Review: Silent Night, Deadly Night and Part 2 on Anchor Bay DVD

If the series has taught us anything, it’s that underneath the padding, Santa is one hot piece of ass.

Silent Night, Deadly Night | Silent Night, Deadly Night Part 2After the success of Halloween, all a slasher pic producer needed to concoct a new franchise was to pick a holiday and go from there. As if invoking this long-standing trend, Silent Night, Deadly Night appeared in 1984 almost anticipating the notoriety that dogged it: a low-budget, cakewalk-crashing hodgepodge that called dibs on Christmas before it even knew what to do with the holiday. Though Christmas had already played prominently in previous horror classics (the first segment of the exemplary Amicus horror anthology Tales from the Crypt, to name cinema’s finest “homicidal Santa” moment), angry mothers who objected to the film’s decidedly un-Norman Rockwell portrait of the Yuletide season came out of the woodwork to protest its very existence. Here was a film with an eye-catching (and even still admittedly iconic) ad campaign featuring Santa’s ax-clutching arm sticking out of a snow-laced chimney. Even worse, it featured not one, but two deranged men in red fat-suits raping and slashing their way through a winter wonderland before being shot down by cops in front of an orphanage of wide-eyed cherubs. Perhaps most outlandishly, the audience is meant to identify (or at the very least empathize) with Billy, the screwed-up kid who sees his parents raped and killed by the first “naughty” Santa and then grows up (and strappingly fine) to become a deranged serial killer himself come Christmastime. As it was made in the locked-down ’80s, the controversy was not too surprising. (Also indicative of the conservative times it was created in: the violence is kept to a bare minimum.) But lost in the controversy is the film’s unmistakably savage (and sadly archetypal) presentation of women’s death scenes, which are distressingly juxtaposed with the exposure of their breasts in a manner that implicates their sexuality with their “naughtiness,” or original sin as it were. This was obviously not new territory for the slasher genre, mind you, but Silent Night, Deadly Night brought the idea to new levels of cold sleaziness.
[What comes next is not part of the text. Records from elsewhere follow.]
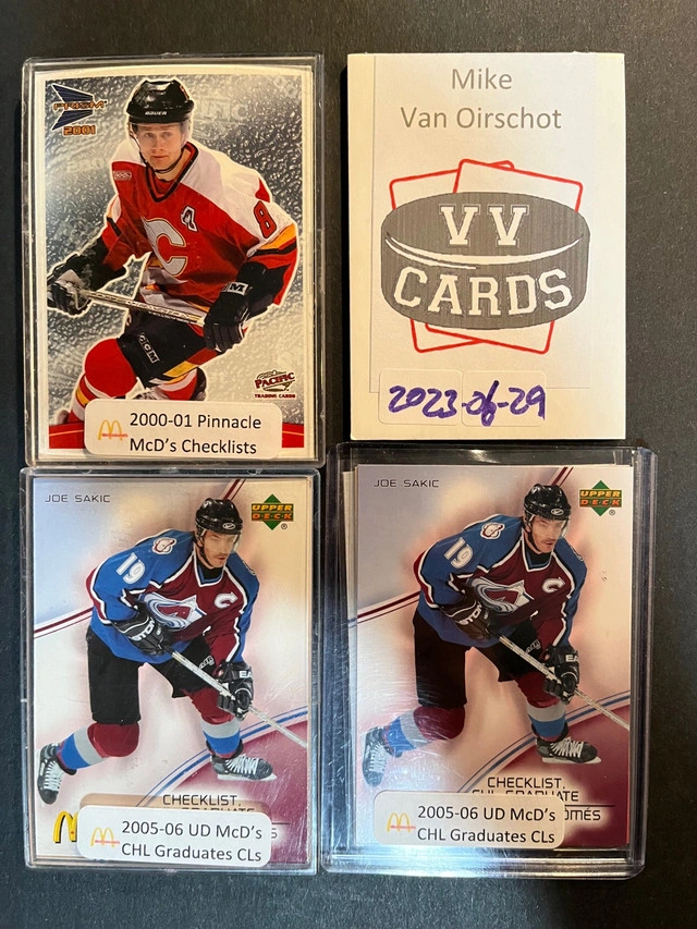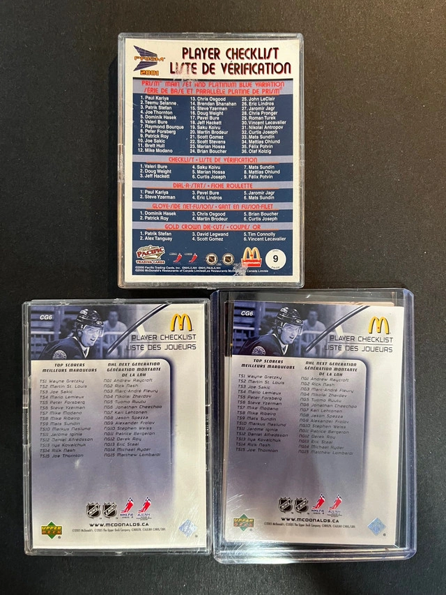 FOR SALE ONLY Complete sets of McDonald’s hockey card checklists for sale. $5 each set 2000-01 Pinnacle (6 cards) 2005-06 Upper deck CHL graduates (6 cards).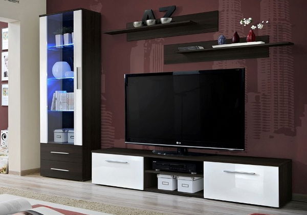 Obývacia stena Galino A je zložená zo štyroch prvkov a je vhodná do menších priestorov. Svojim dizajnom a jednoduchosťou však skvele zapadne do interiéru obývacej izby. TV skrinka má dvoje dvierka, na ktorých sú elegantné, 25 cm dlhé uchyty. V strednej časti je otvorený priestor na uloženie audio/video príslušenstva. Vysoká vitrína má sčasti presklené dvere a v dolnej časti dve zásuvky. Obsahuje tri sklenené, LED osvetlením podsvietené poličky. Samostatné poličky na stenu ponúkajú ďalší odkladací priestor na maličkosti. Presklené časti sú vyrobené z číreho tvrdeného skla.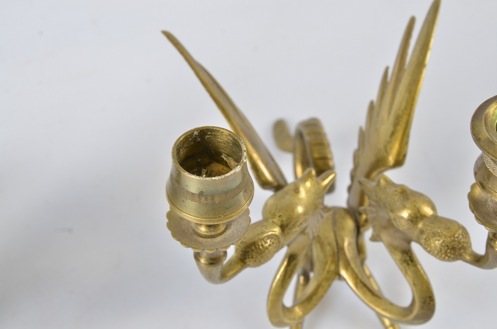 529485. Lysestager, 1 par, messing, 1900-tallet.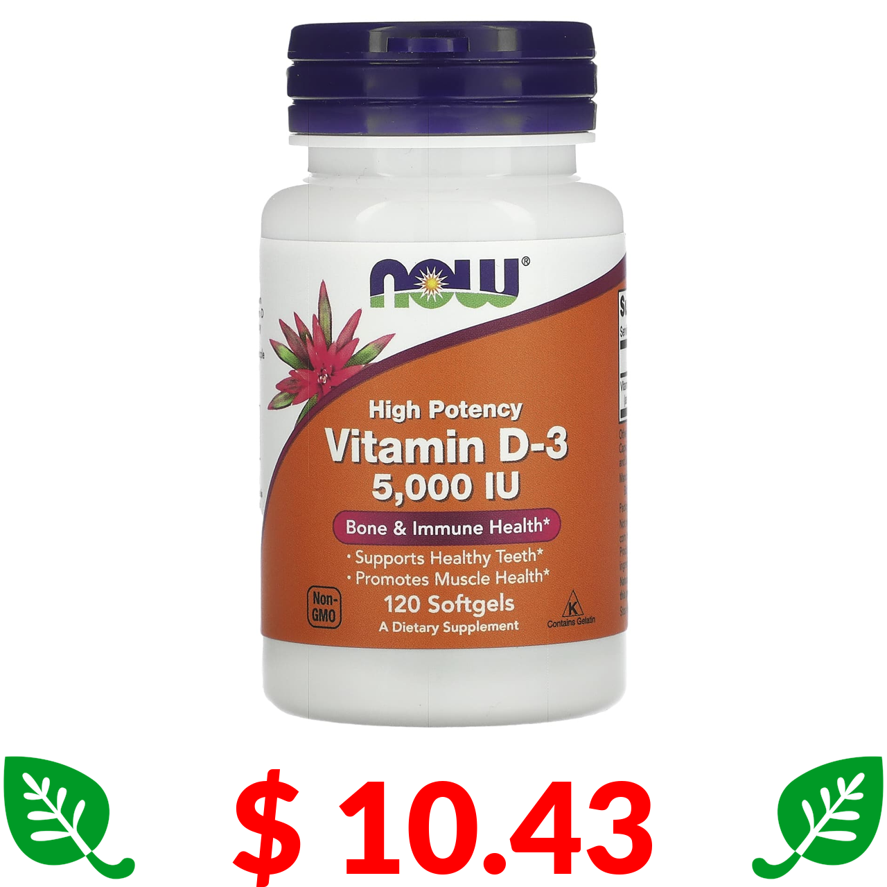 $ 10.43 Now Foods, високоефективний вітамін D3, 5000 МО, 120 капсул

The second Silent Night, Deadly Night film was actually supposed to be a mere re-cut of the first film, in an attempt to finesse a few more dollars from a film whose impending success was stopped cold by the public outcry. But, as is often the case with no-pressure sequels to underground cult horror hits (Critters 2: The Main Course, The Bride of Frankenstein), the filmmakers used the original’s legendary framework as a jumping-off point into far more interesting territory. Though the film opens with the promised re-cut of the original (staged as a flashback that lasts an astonishingly lugubrious 40 minutes), director/editor Lee Harry manages to both tighten up the original (and cleanse it of most of the unsavory rape-evisceration fantasies) and then make mischievous mincemeat of the first film’s sequel-inviting doormat finale. Part 2 finds young Billy’s brother Ricky following directly in his older sibling’s carnage-spreading footsteps. Harry and co-scripter Joseph H. Earle show little-to-no reverence for the original film, gleefully trashing or blowing out of proportion nearly everything they can think of. For evidence, look no further than their choice of leading man. Whereas Robert Brian Wilson’s Billy was a handsomely cut but hammy lead, Eric Freeman’s Ricky is a fucking muscle monster who takes overacting to eyebrow-lifting new levels. The original’s skeptical (to say the least) take on Catholic schooling is made excessively clear in the sequel when the gargoyle-like Mother Superior is now slathered in horrifying scar make-up and resides in apartment number 666. Though Part 2 isn’t much more dignified than its predecessor, at the very least its isolated pleasures have a culminating effect (climaxing with a truly disturbing gun rampage and the most insanely dangerous car stunt ever seen in a Z-grade film). But it won’t make you feel any better than the first film. Both share the same Achilles’ heel: all throughout the supposedly subversive Christmas image-destruction, the audience is being led to identify with and eventually cheer on the actions of their doomed protagonists. Naughty indeed.

Image/Sound

Nice. Except for a few naughty passages that were obviously snipped out at one point (likely under threat of censorship) and have been reinserted at the expense of film quality, the transfers for both films are remarkable. Even if neither film is particularly cinematic or aesthetically pleasing, the clean video transfers will let people discover on their own just how shitty some of the camerawork is. The sound is even one step better. Purists will likely rejoice that Anchor Bay has refrained from commissioning an unnecessary 5.1 stereo remix and instead opted to stick with the original mono, which is clear and uncluttered. In fact, it’s so nicely presented that Michael Armstrong’s score reveals itself to be quite the affecting piece of music.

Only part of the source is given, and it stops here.